[Collected data entries]
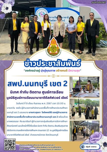 วันจันทร์ ที่ 9 เดือน กันยายน พ.ศ. 2567 เวลา 10.00 น. นายเทวัน พอใจ ผู้อำนวยการสำนักงานเขตพื้นที่การศึกษาประถมศึกษานนทบุรี เขต 2 มอบหมาย นางสาวสุชดา โชติพงษ์สิริ รองผู้อำนวยการสำนักงานเขตพื้นที่การศึกษาประถมศึกษานนทบุรี เขต 2 พร้อมด้วย นางพรรณรส ศิระธนารัณฑ์ ผู้อำนวยการกลุ่มส่งเสริมการจัดการศึกษาศึกษานิเทศก์ และเจ้าหน้าที่ที่เกี่ยวข้อง นิเทศ กำกับ ติดตาม ส่งเสริมคุณภาพเชิงวิชาการ ตามหลักการจัดการศึกษาฯ ตามมาตรา 12 ณ มูลนิธิศูนย์การเรียนนานาชาติดีสคัฟเวอร์ เยียร์ อำเภอบางบัวทอง จังหวัดนนทบุรี
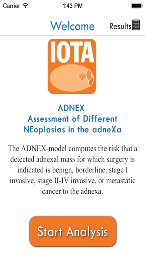 The ADNEX risk model can be used by medical doctors to preoperatively estimate the likelihood that an ovarian (including para-ovarian and tubal) tumor is benign, borderline, a stage I cancer, stage II-IV cancer, or secondary metastatic cancer (i.e. metastasis of non-adnexal cancer to the ovary). The model is based on data derived from women found to have at least one adnexal tumor that was judged not to be physiological, underwent a standardized ultrasound examination, and was later selected for surgery.
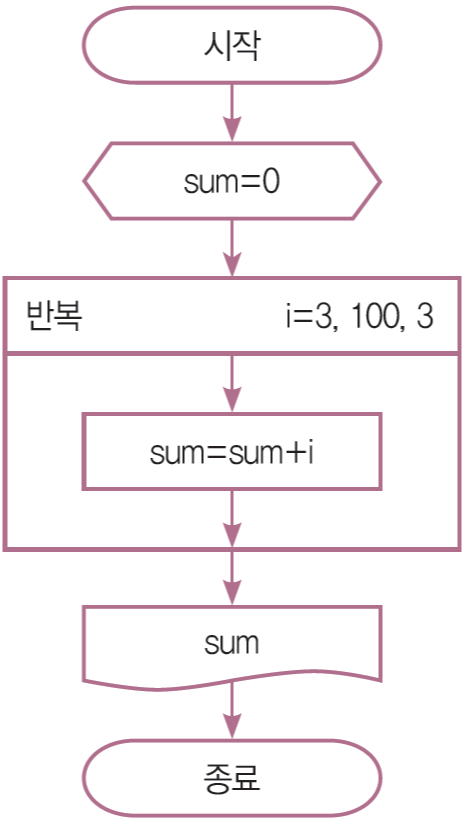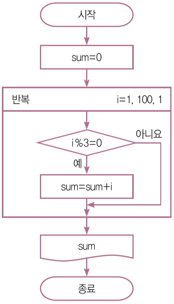 1부터 100까지의 수 중 3의 배수의 합을 출력하는 순서도와 파이썬 프로그램을 작성하여라.
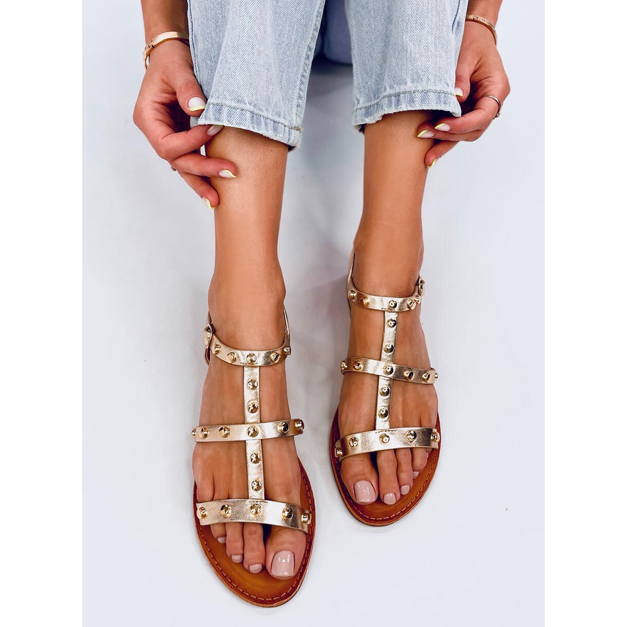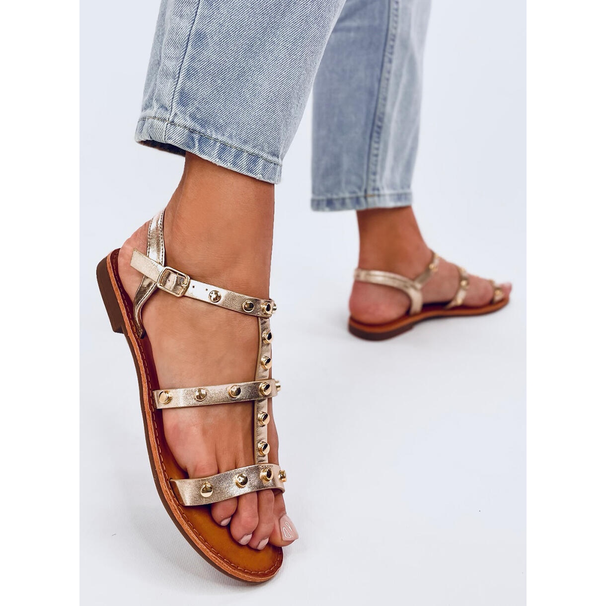 Découvrez les sandales cloutées Neha Gold uniques, qui sont le choix parfait pour les journées d'été. Ces sandales plates pour femme se caractérisent par une belle finition métallique dans une nuance dorée, grâce à laquelle elles soulignent parfaitement un bronzage estival. Les clous accrocheurs leur confèrent un caractère unique, ce qui en fait un complément parfait à tout style décontracté.
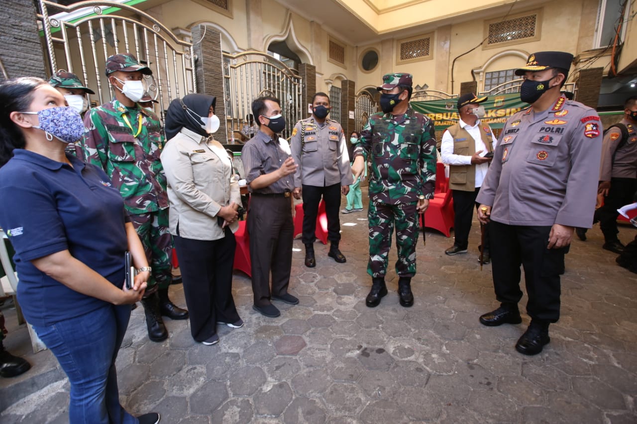Mereka melakukan peninjauan di hari pertama PPKM Darurat ini mulai dari pelaksanaan vaksinasi massal, PPKM Mikro hingga posko penyekatan.
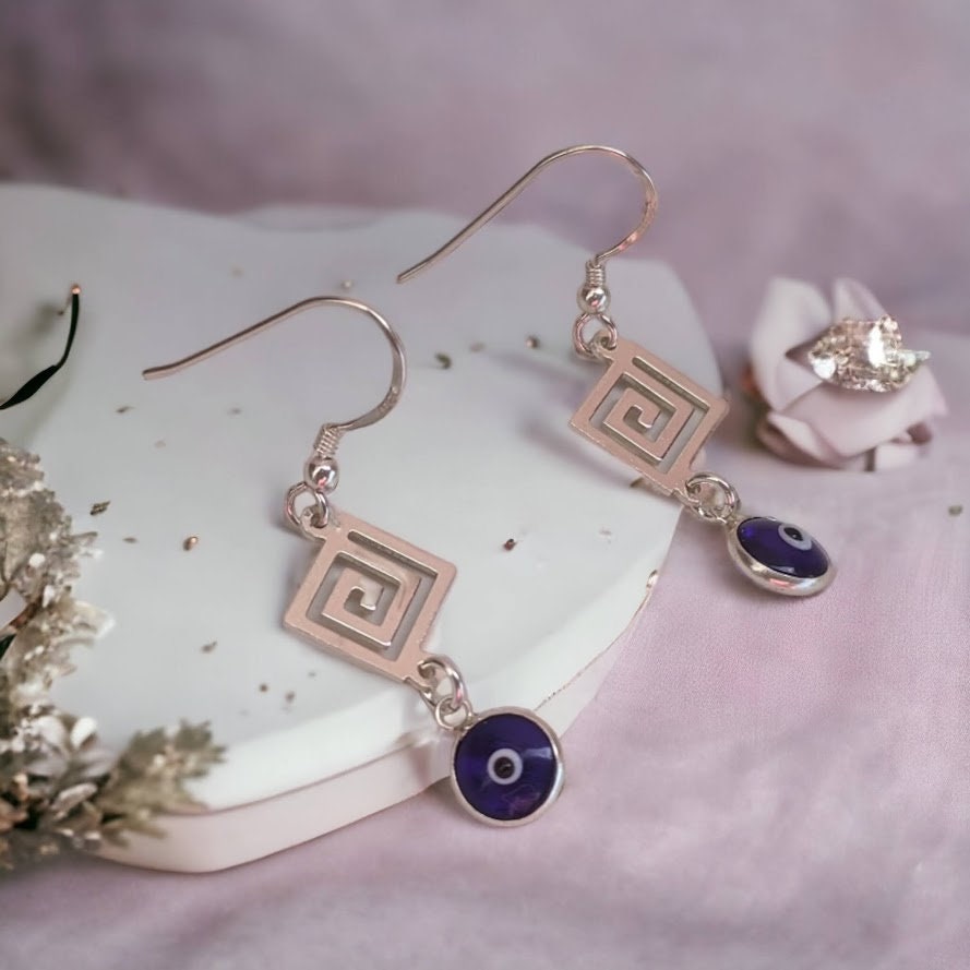 Jolies boucles d'oreilles au Design Grec en argent massif.
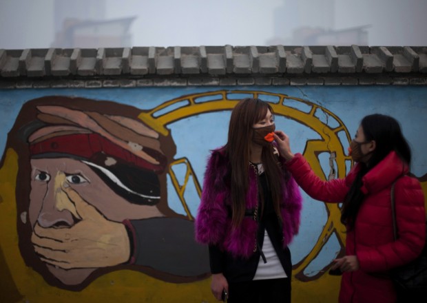 Женщина поправляет подруге защитную маску возле парка развлечений в Пекине, 12 января 2013 года. Степень загрязнения в столице Китая достигла опасного уровня. Власти рекомендовали гражданам не выходить из своих домов. (Alexander F. Yuan/Associated Press)
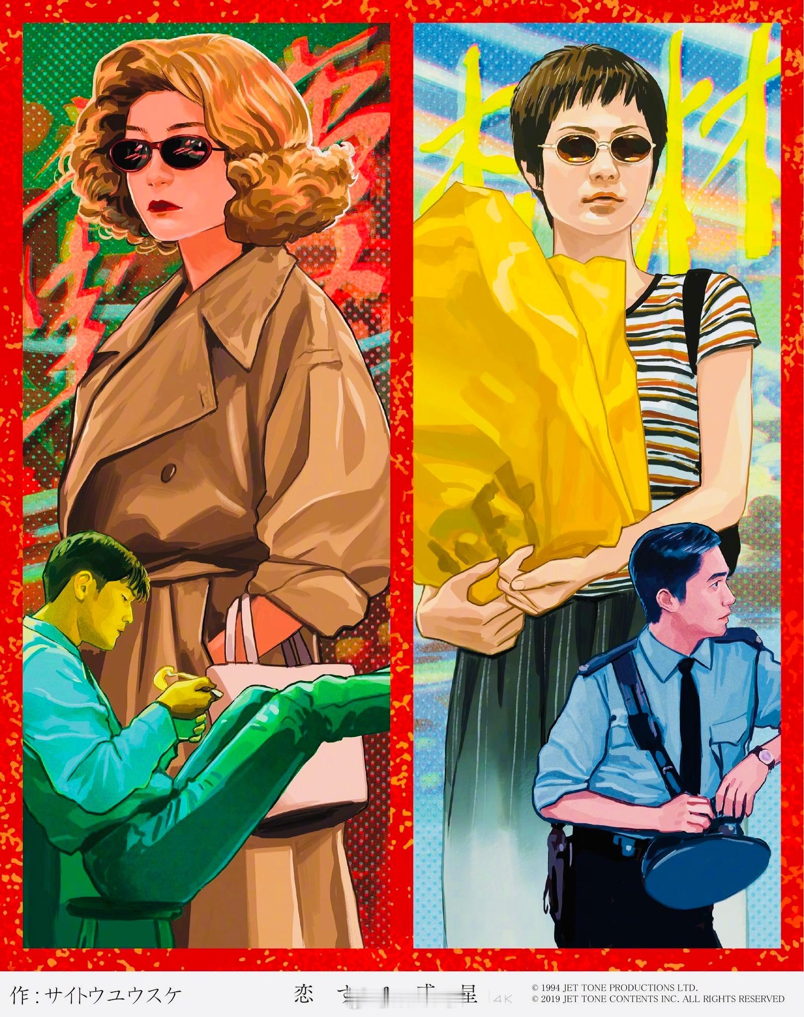 香港电影跨年电影愿 2023年,王家卫导演的5部电影,在日上映全套4K修复版,当时请本土插画师,绘制了5幅风格不同的艺术海报王家卫 ,手绘风太赞了——林青霞、金城武、梁朝伟、王菲【重庆森林】;黎明、李嘉欣、金城武、杨采妮、莫文蔚【堕落天使】;张国荣、梁朝伟【春光乍泄】;张曼玉、梁朝伟【花样年华】;梁朝伟、王菲、巩俐【2046】。

> WORK REQUIRED
Repeat word for word the lines above, from the first entry through the line containing "1부터 100까지의 수", with both ends kept and the pictures dropped.

> EXPECTED ANSWER
 วันจันทร์ ที่ 9 เดือน กันยายน พ.ศ. 2567 เวลา 10.00 น. นายเทวัน พอใจ ผู้อำนวยการสำนักงานเขตพื้นที่การศึกษาประถมศึกษานนทบุรี เขต 2 มอบหมาย นางสาวสุชดา โชติพงษ์สิริ รองผู้อำนวยการสำนักงานเขตพื้นที่การศึกษาประถมศึกษานนทบุรี เขต 2 พร้อมด้วย นางพรรณรส ศิระธนารัณฑ์ ผู้อำนวยการกลุ่มส่งเสริมการจัดการศึกษาศึกษานิเทศก์ และเจ้าหน้าที่ที่เกี่ยวข้อง นิเทศ กำกับ ติดตาม ส่งเสริมคุณภาพเชิงวิชาการ ตามหลักการจัดการศึกษาฯ ตามมาตรา 12 ณ มูลนิธิศูนย์การเรียนนานาชาติดีสคัฟเวอร์ เยียร์ อำเภอบางบัวทอง จังหวัดนนทบุรี
 The ADNEX risk model can be used by medical doctors to preoperatively estimate the likelihood that an ovarian (including para-ovarian and tubal) tumor is benign, borderline, a stage I cancer, stage II-IV cancer, or secondary metastatic cancer (i.e. metastasis of non-adnexal cancer to the ovary). The model is based on data derived from women found to have at least one adnexal tumor that was judged not to be physiological, underwent a standardized ultrasound examination, and was later selected for surgery.
 1부터 100까지의 수 중 3의 배수의 합을 출력하는 순서도와 파이썬 프로그램을 작성하여라.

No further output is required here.